> [Work to be completed]
If a record contains a picture, leave the picture out and reproduce everything else exactly.

> [Data shown]

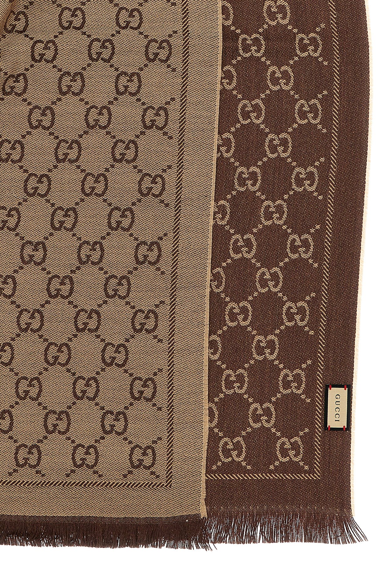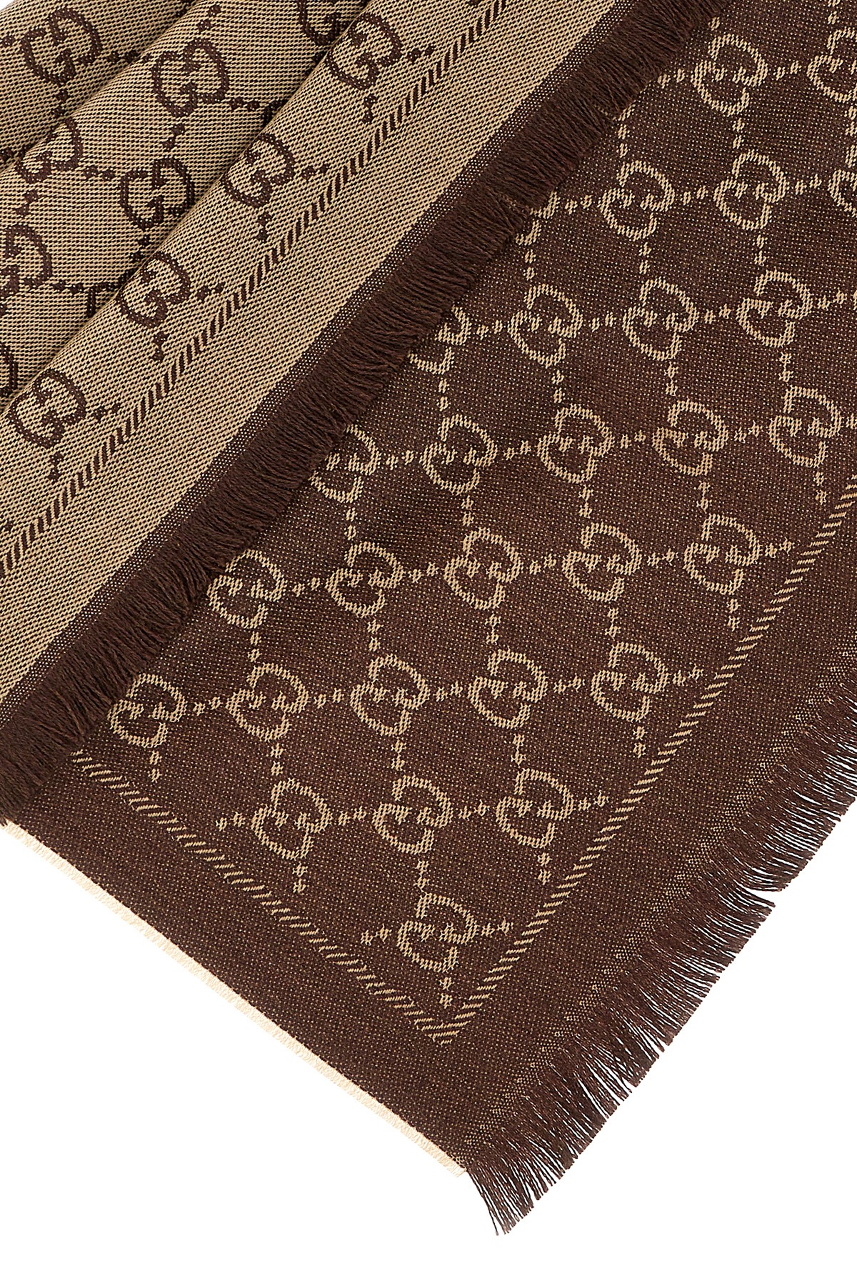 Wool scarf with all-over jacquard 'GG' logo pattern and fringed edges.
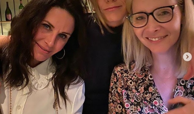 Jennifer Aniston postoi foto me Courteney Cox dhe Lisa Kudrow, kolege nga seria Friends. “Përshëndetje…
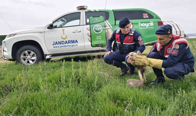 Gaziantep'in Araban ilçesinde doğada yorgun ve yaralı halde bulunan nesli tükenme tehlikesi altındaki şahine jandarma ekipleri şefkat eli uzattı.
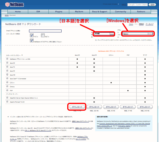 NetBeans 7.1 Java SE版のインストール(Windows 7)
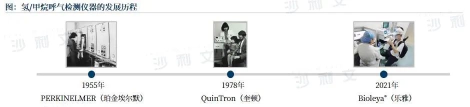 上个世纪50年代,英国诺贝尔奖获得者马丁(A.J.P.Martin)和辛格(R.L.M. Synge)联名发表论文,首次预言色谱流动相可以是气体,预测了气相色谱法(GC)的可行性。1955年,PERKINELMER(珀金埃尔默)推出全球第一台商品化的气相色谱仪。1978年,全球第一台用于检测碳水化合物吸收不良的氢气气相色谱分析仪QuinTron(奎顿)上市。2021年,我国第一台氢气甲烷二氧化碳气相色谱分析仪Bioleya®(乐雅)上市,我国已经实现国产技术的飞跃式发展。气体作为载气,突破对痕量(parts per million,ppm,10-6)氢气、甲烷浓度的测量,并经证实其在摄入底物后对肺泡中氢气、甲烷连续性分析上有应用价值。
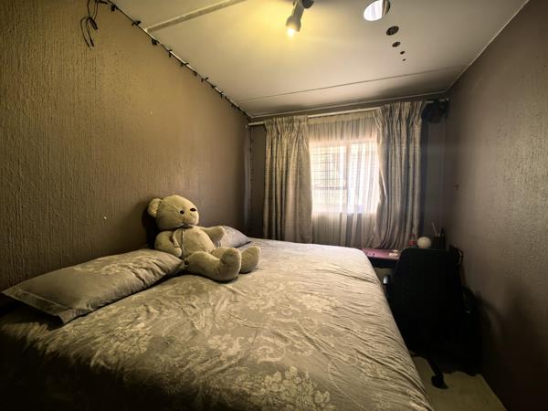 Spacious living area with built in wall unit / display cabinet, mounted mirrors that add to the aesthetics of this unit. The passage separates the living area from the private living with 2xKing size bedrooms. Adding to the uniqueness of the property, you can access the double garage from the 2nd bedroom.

> [Response to the exercise]
 Wool scarf with all-over jacquard 'GG' logo pattern and fringed edges.
 Jennifer Aniston postoi foto me Courteney Cox dhe Lisa Kudrow, kolege nga seria Friends. “Përshëndetje…
 Gaziantep'in Araban ilçesinde doğada yorgun ve yaralı halde bulunan nesli tükenme tehlikesi altındaki şahine jandarma ekipleri şefkat eli uzattı.
 NetBeans 7.1 Java SE版のインストール(Windows 7)
 上个世纪50年代,英国诺贝尔奖获得者马丁(A.J.P.Martin)和辛格(R.L.M. Synge)联名发表论文,首次预言色谱流动相可以是气体,预测了气相色谱法(GC)的可行性。1955年,PERKINELMER(珀金埃尔默)推出全球第一台商品化的气相色谱仪。1978年,全球第一台用于检测碳水化合物吸收不良的氢气气相色谱分析仪QuinTron(奎顿)上市。2021年,我国第一台氢气甲烷二氧化碳气相色谱分析仪Bioleya®(乐雅)上市,我国已经实现国产技术的飞跃式发展。气体作为载气,突破对痕量(parts per million,ppm,10-6)氢气、甲烷浓度的测量,并经证实其在摄入底物后对肺泡中氢气、甲烷连续性分析上有应用价值。
 Spacious living area with built in wall unit / display cabinet, mounted mirrors that add to the aesthetics of this unit. The passage separates the living area from the private living with 2xKing size bedrooms. Adding to the uniqueness of the property, you can access the double garage from the 2nd bedroom.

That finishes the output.